Frequently Asked Questions

What is the difference between net income and cash flow?

Net income is an accrual accounting measure: it records revenue when earned and expenses when incurred, regardless of when cash moves. Cash flow records only actual cash receipts and payments. The two diverge whenever there is a timing difference between recognition and collection, which is most of the time, for most businesses. Depreciation, changes in receivables and payables, and capital expenditure are the most common sources of divergence. Reading both figures together, not just one, gives the complete picture.

What is the difference between net income and net profit?

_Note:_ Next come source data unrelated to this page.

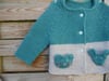C’est un basique tout simple, décoré de petites poches plaquées en forme de tête d’ourson/de chien/de chat/de souris qui donne à ce vêtement un niveau de mignonnitude absolue. L’encolure est finie avec un i-Cord, les bordures avec une maille lisière glissée.
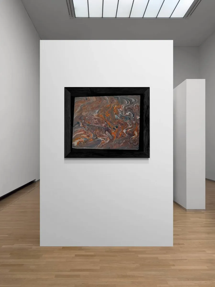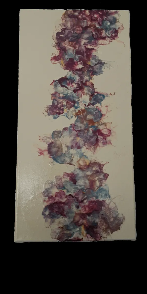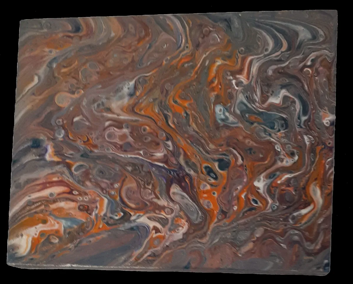 Handcrafted acrylic pour on 10" by 8" wood canvas. Created using orange, reds, purple, gold, silver magenta, blues and white. Protected with gloss polyacrylic. Signed & dated on back.
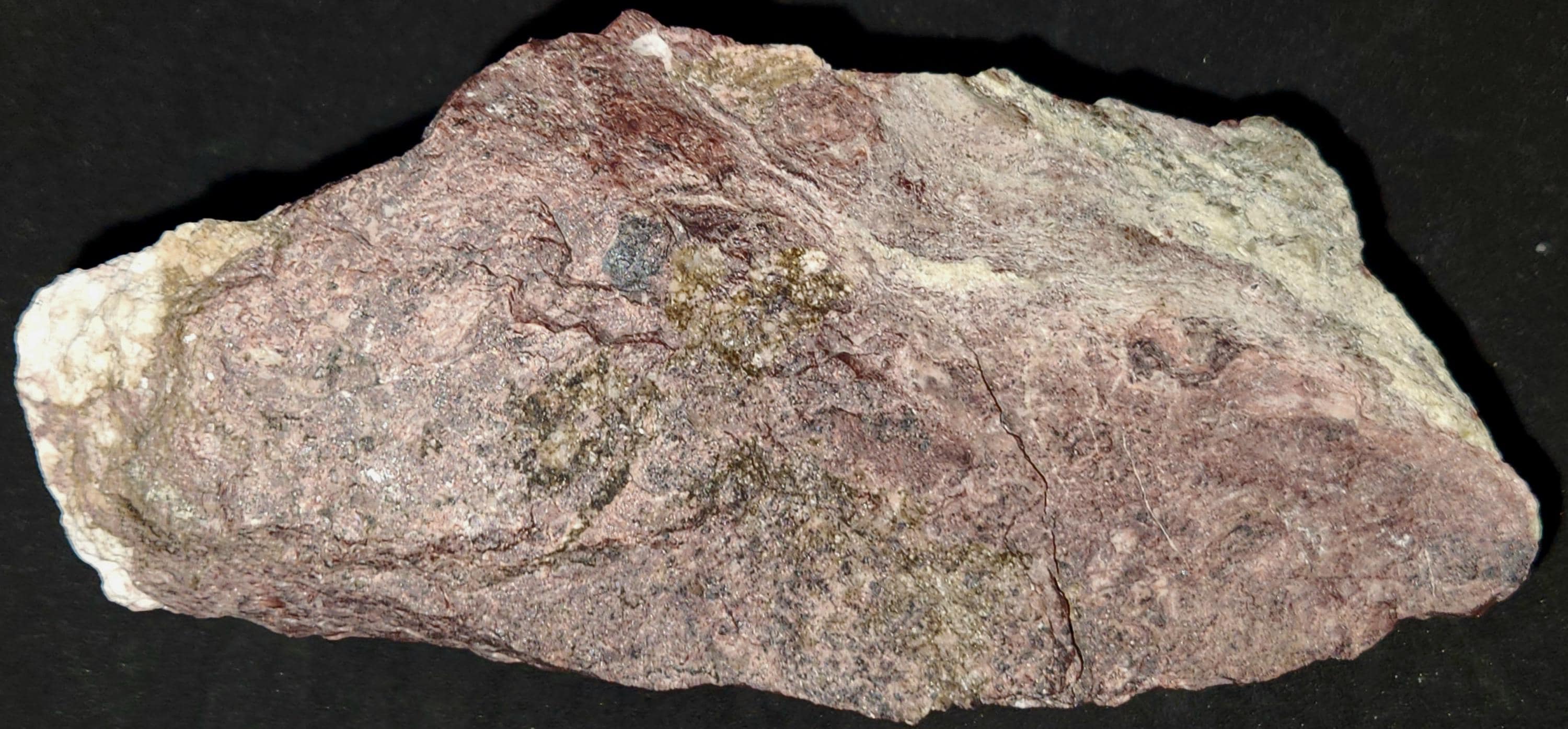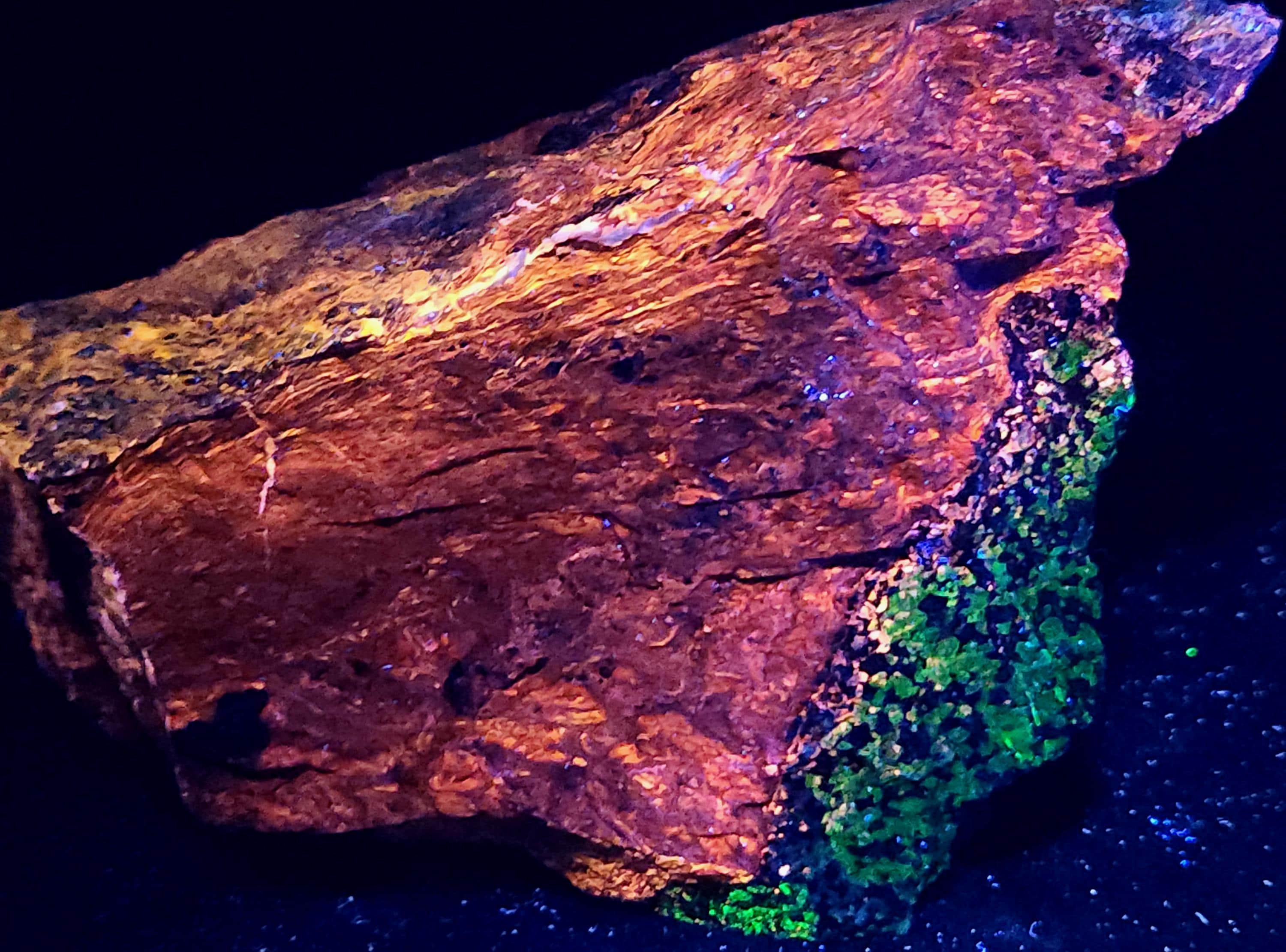 Fluorescent Thick Vein of Mahogany Sphalerite (Dull Red/Orange/Pink SW & Bright Orange/Red/Purple/Pink/Blue LW) & Willemite (Bright Green SW & Duller Green LW)

They are the same thing, described by different names. Net income is the term more common in US accounting; net profit is more common in UK and international contexts. Both refer to the bottom line of the income statement after all expenses, interest, and tax have been deducted from revenue. If you encounter both terms in the same set of financial statements, they should represent the same figure.

Why might a business have high net income but low cash?

Several mechanisms create this pattern. First, revenue may have been recognised on the income statement before customers paid, the income is there, but the cash is in accounts receivable. Second, large loan principal repayments reduce the bank balance without touching the income statement. Third, significant capital expenditure consumes cash in the period of purchase while the income statement sees only a small annual depreciation charge. Any one of these is enough to produce a meaningful gap; all three operating together can make a profitable business feel perpetually cash-short.

Is net income the same as EBITDA?

No. EBITDA: Earnings Before Interest, Tax, Depreciation, and Amortization, adds those four items back to net income, or equivalently takes operating profit before depreciation. It is a higher figure than net income because it excludes the cost of debt financing, tax obligations, and non-cash asset charges. EBITDA is used in valuation and lending because it approximates cash generation from operations before financing choices and accounting policies are applied. Net income is the actual bottom-line profit after all of those factors are included.

How does net income flow to the balance sheet?

Net income increases retained earnings, which is a component of equity on the balance sheet. If the business distributes dividends or owner draws from that income, retained earnings increase by net income minus distributions. A business that earns $78,700 in net income and pays $20,000 in owner distributions adds $58,700 to its retained earnings balance. Over time, consistent net income builds equity; consistent net losses erode it. The balance sheet and the income statement are connected through this retained earnings link.

Can net income be positive in a period when revenue falls?

Yes, if costs fall faster than revenue. A business that cuts expenses proportionally more than revenue declines can improve its net income margin even as the top line shrinks. This is most likely when variable costs, those tied directly to revenue volume, are the dominant cost type, and when fixed costs have been restructured downward. Whether improving net income through cost reduction while revenue falls is a healthy or concerning sign depends on why revenue is falling and whether the cost reductions are sustainable.